● **ASSIGNMENT**
Repeat exactly the lines that run from the start of the records below to the line with "撸狗三件套狗狗指甲剪套装除毛梳毛器宠物毛梳子清洁除蚤梳宠物梳", including both of those lines but not the pictures.

● **Records from a data collection**
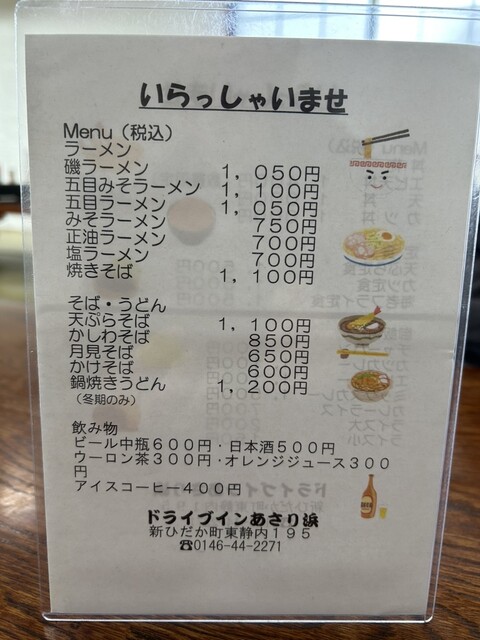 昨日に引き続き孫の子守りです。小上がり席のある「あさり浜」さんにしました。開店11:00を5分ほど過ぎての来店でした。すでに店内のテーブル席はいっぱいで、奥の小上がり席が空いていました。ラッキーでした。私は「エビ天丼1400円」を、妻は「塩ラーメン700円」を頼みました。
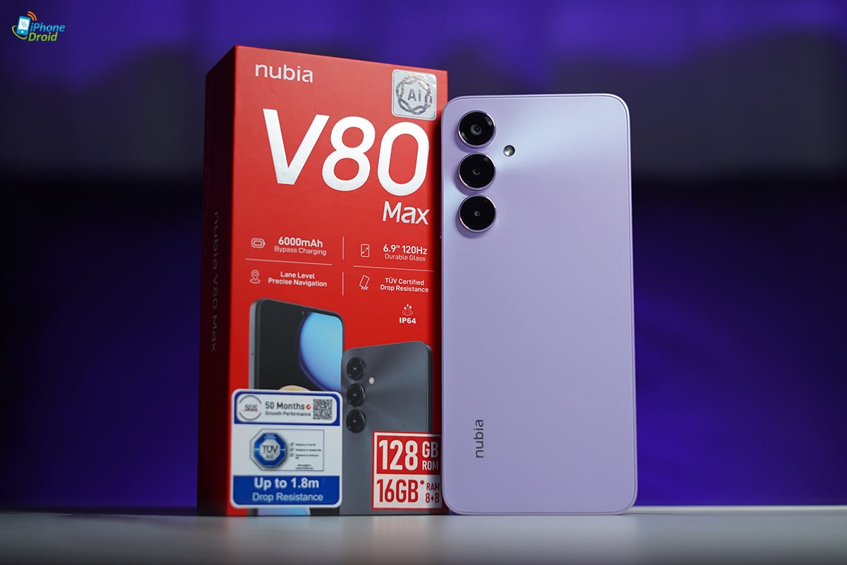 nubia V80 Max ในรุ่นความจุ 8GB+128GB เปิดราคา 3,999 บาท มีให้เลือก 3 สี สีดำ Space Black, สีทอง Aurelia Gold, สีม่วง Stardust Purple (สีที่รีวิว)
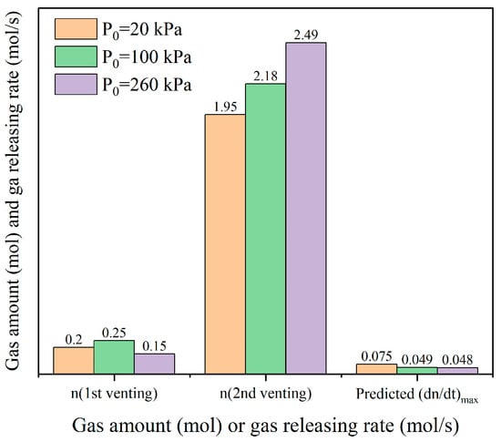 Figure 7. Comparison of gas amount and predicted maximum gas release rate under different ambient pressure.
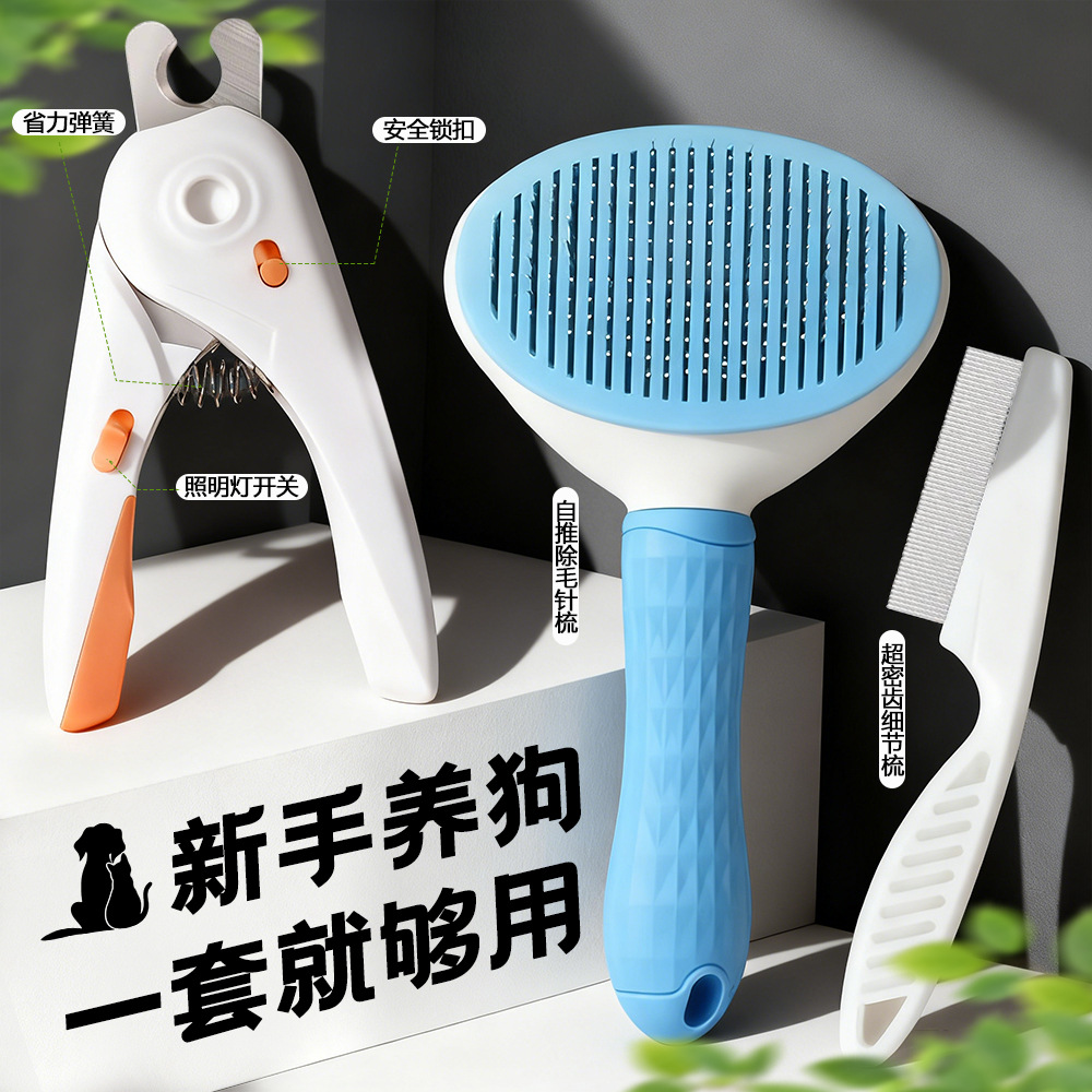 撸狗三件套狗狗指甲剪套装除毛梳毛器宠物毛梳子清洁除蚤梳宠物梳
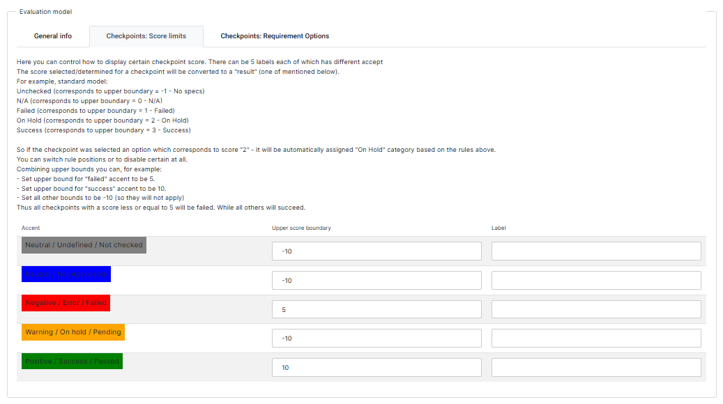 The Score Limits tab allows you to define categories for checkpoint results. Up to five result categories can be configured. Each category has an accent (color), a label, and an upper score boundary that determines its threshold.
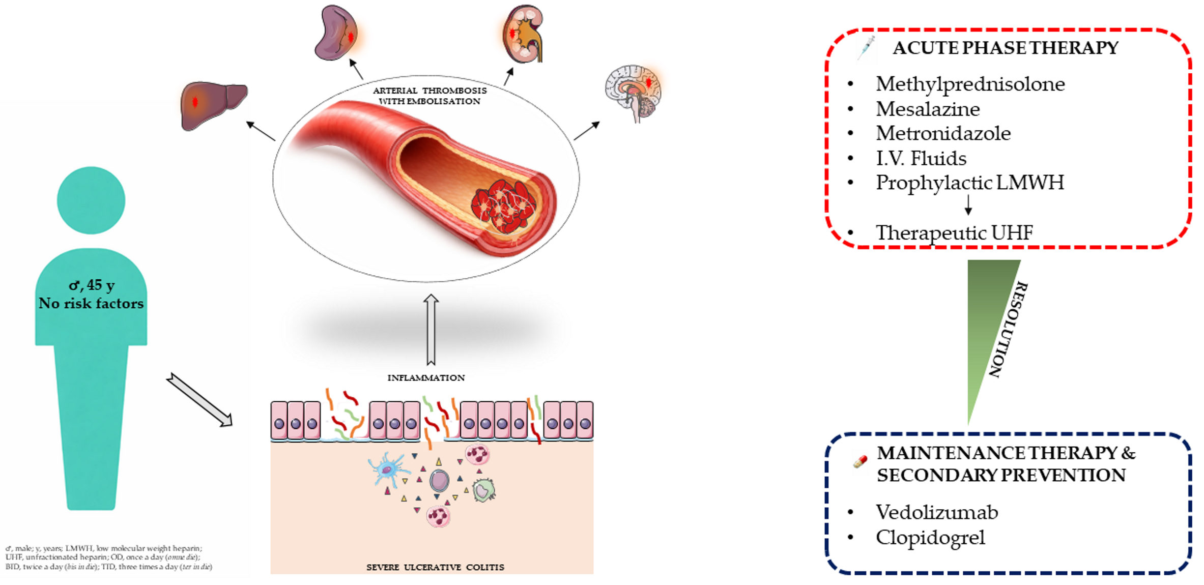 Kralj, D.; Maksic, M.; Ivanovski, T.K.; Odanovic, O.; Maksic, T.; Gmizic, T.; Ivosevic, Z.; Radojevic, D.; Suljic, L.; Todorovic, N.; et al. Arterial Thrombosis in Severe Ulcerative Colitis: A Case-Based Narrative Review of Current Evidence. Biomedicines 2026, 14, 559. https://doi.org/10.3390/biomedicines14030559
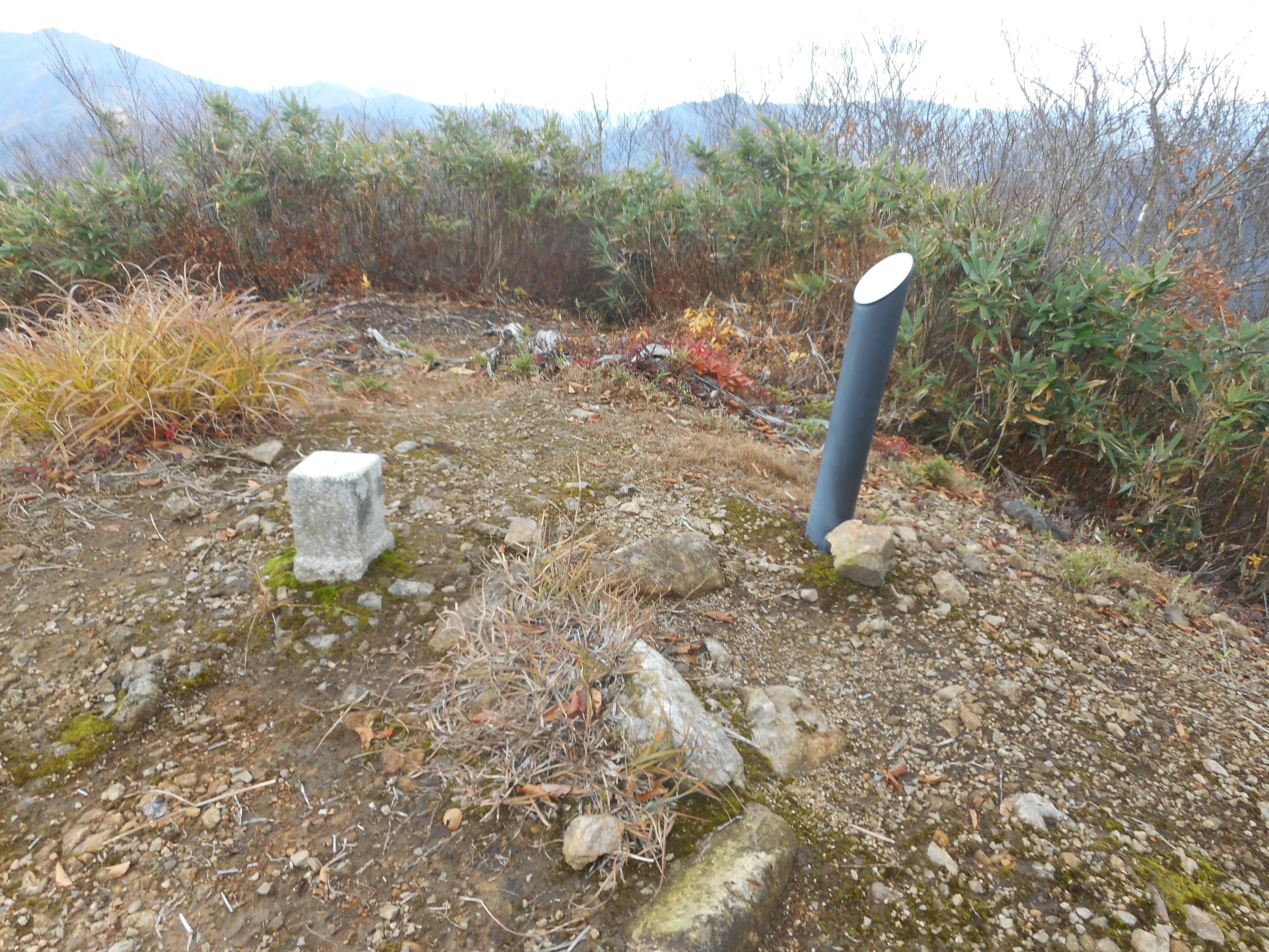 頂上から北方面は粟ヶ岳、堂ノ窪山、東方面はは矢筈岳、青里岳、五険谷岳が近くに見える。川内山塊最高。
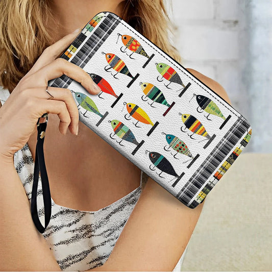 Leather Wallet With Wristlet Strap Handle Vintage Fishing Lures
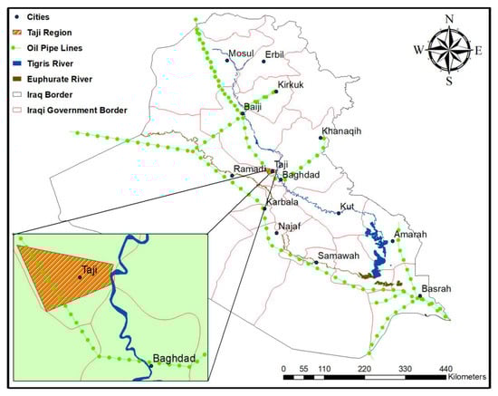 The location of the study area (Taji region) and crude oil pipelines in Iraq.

● **ANSWER FOR THE TASK**
 昨日に引き続き孫の子守りです。小上がり席のある「あさり浜」さんにしました。開店11:00を5分ほど過ぎての来店でした。すでに店内のテーブル席はいっぱいで、奥の小上がり席が空いていました。ラッキーでした。私は「エビ天丼1400円」を、妻は「塩ラーメン700円」を頼みました。
 nubia V80 Max ในรุ่นความจุ 8GB+128GB เปิดราคา 3,999 บาท มีให้เลือก 3 สี สีดำ Space Black, สีทอง Aurelia Gold, สีม่วง Stardust Purple (สีที่รีวิว)
 Figure 7. Comparison of gas amount and predicted maximum gas release rate under different ambient pressure.
 撸狗三件套狗狗指甲剪套装除毛梳毛器宠物毛梳子清洁除蚤梳宠物梳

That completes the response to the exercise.